[Task goal]: Below is a listing; print exactly its lines from the one containing "한국강사신문 김민철 기자]" down to the one containing "Digital Sheet Music", both inclusive, with every picture left out.

[Data extracts]:
++++++

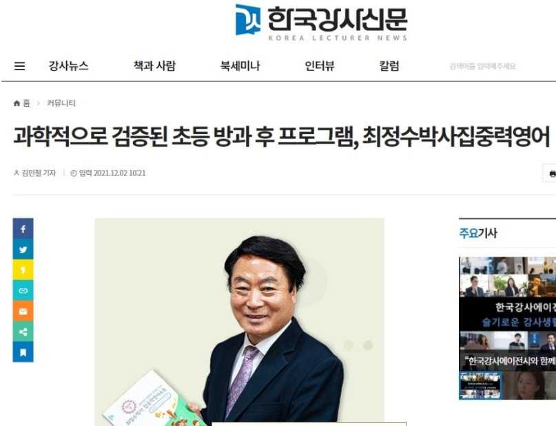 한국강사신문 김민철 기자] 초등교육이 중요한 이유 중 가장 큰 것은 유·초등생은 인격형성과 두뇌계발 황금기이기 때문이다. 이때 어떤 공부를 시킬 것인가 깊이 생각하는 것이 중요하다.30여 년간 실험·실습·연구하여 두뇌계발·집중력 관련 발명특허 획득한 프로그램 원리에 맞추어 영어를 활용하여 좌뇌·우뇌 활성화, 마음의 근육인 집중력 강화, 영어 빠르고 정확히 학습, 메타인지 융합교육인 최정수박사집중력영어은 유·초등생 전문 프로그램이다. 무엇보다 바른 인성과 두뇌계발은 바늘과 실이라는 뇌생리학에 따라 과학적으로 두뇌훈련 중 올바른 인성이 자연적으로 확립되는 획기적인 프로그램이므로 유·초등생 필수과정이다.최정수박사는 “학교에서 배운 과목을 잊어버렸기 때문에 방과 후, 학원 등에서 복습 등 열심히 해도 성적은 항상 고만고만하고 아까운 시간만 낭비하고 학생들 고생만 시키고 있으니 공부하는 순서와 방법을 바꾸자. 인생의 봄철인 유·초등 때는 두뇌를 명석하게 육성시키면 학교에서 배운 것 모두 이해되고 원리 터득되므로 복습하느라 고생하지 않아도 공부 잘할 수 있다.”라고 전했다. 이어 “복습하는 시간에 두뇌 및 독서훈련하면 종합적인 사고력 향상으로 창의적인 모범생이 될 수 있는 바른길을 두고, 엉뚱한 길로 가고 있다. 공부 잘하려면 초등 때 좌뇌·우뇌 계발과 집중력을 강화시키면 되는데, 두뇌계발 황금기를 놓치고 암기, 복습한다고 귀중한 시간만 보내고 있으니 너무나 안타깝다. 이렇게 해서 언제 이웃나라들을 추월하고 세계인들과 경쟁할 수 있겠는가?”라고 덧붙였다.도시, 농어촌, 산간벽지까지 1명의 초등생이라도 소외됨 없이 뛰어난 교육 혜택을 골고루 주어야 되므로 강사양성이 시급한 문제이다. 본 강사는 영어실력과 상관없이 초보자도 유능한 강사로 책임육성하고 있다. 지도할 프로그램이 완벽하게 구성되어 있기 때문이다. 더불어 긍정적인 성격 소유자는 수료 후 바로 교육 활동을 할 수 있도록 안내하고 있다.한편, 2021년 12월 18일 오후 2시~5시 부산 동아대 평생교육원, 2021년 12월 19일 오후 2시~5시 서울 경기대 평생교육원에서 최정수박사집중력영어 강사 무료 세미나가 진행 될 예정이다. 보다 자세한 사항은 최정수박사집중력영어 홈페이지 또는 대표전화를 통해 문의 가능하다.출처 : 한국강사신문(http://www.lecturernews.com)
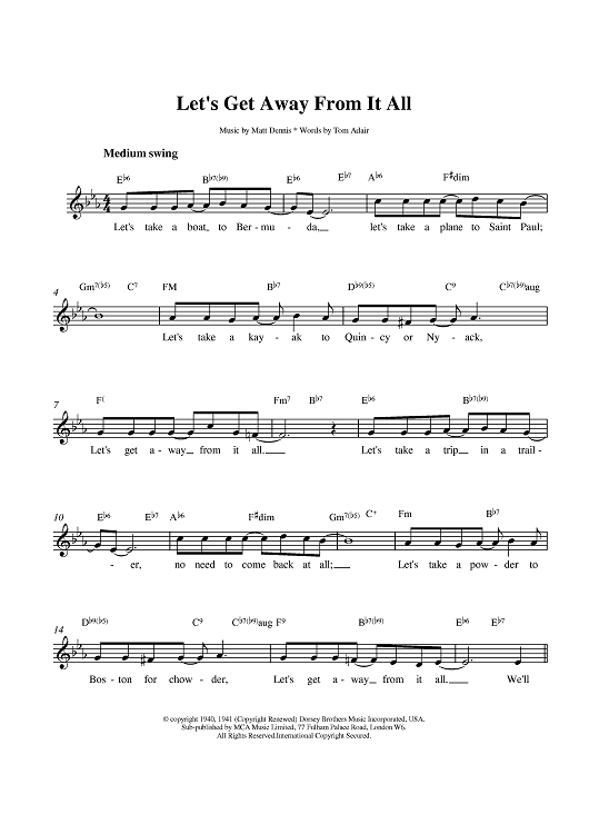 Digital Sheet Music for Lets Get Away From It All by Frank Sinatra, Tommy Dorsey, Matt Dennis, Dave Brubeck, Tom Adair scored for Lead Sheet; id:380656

++++++

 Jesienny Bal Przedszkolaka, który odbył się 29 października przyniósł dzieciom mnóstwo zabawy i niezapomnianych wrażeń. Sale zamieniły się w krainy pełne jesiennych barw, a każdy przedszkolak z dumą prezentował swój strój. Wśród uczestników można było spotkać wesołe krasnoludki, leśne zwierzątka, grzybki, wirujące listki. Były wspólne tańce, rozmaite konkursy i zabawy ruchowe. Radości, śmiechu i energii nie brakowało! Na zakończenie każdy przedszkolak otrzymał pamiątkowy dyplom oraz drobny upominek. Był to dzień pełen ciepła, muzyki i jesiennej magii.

++++++

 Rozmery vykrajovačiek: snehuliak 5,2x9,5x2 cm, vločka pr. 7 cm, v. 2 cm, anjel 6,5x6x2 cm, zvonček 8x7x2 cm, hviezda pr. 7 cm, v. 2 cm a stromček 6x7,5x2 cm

++++++

[Written reply]:
 한국강사신문 김민철 기자] 초등교육이 중요한 이유 중 가장 큰 것은 유·초등생은 인격형성과 두뇌계발 황금기이기 때문이다. 이때 어떤 공부를 시킬 것인가 깊이 생각하는 것이 중요하다.30여 년간 실험·실습·연구하여 두뇌계발·집중력 관련 발명특허 획득한 프로그램 원리에 맞추어 영어를 활용하여 좌뇌·우뇌 활성화, 마음의 근육인 집중력 강화, 영어 빠르고 정확히 학습, 메타인지 융합교육인 최정수박사집중력영어은 유·초등생 전문 프로그램이다. 무엇보다 바른 인성과 두뇌계발은 바늘과 실이라는 뇌생리학에 따라 과학적으로 두뇌훈련 중 올바른 인성이 자연적으로 확립되는 획기적인 프로그램이므로 유·초등생 필수과정이다.최정수박사는 “학교에서 배운 과목을 잊어버렸기 때문에 방과 후, 학원 등에서 복습 등 열심히 해도 성적은 항상 고만고만하고 아까운 시간만 낭비하고 학생들 고생만 시키고 있으니 공부하는 순서와 방법을 바꾸자. 인생의 봄철인 유·초등 때는 두뇌를 명석하게 육성시키면 학교에서 배운 것 모두 이해되고 원리 터득되므로 복습하느라 고생하지 않아도 공부 잘할 수 있다.”라고 전했다. 이어 “복습하는 시간에 두뇌 및 독서훈련하면 종합적인 사고력 향상으로 창의적인 모범생이 될 수 있는 바른길을 두고, 엉뚱한 길로 가고 있다. 공부 잘하려면 초등 때 좌뇌·우뇌 계발과 집중력을 강화시키면 되는데, 두뇌계발 황금기를 놓치고 암기, 복습한다고 귀중한 시간만 보내고 있으니 너무나 안타깝다. 이렇게 해서 언제 이웃나라들을 추월하고 세계인들과 경쟁할 수 있겠는가?”라고 덧붙였다.도시, 농어촌, 산간벽지까지 1명의 초등생이라도 소외됨 없이 뛰어난 교육 혜택을 골고루 주어야 되므로 강사양성이 시급한 문제이다. 본 강사는 영어실력과 상관없이 초보자도 유능한 강사로 책임육성하고 있다. 지도할 프로그램이 완벽하게 구성되어 있기 때문이다. 더불어 긍정적인 성격 소유자는 수료 후 바로 교육 활동을 할 수 있도록 안내하고 있다.한편, 2021년 12월 18일 오후 2시~5시 부산 동아대 평생교육원, 2021년 12월 19일 오후 2시~5시 서울 경기대 평생교육원에서 최정수박사집중력영어 강사 무료 세미나가 진행 될 예정이다. 보다 자세한 사항은 최정수박사집중력영어 홈페이지 또는 대표전화를 통해 문의 가능하다.출처 : 한국강사신문(http://www.lecturernews.com)
 Digital Sheet Music for Lets Get Away From It All by Frank Sinatra, Tommy Dorsey, Matt Dennis, Dave Brubeck, Tom Adair scored for Lead Sheet; id:380656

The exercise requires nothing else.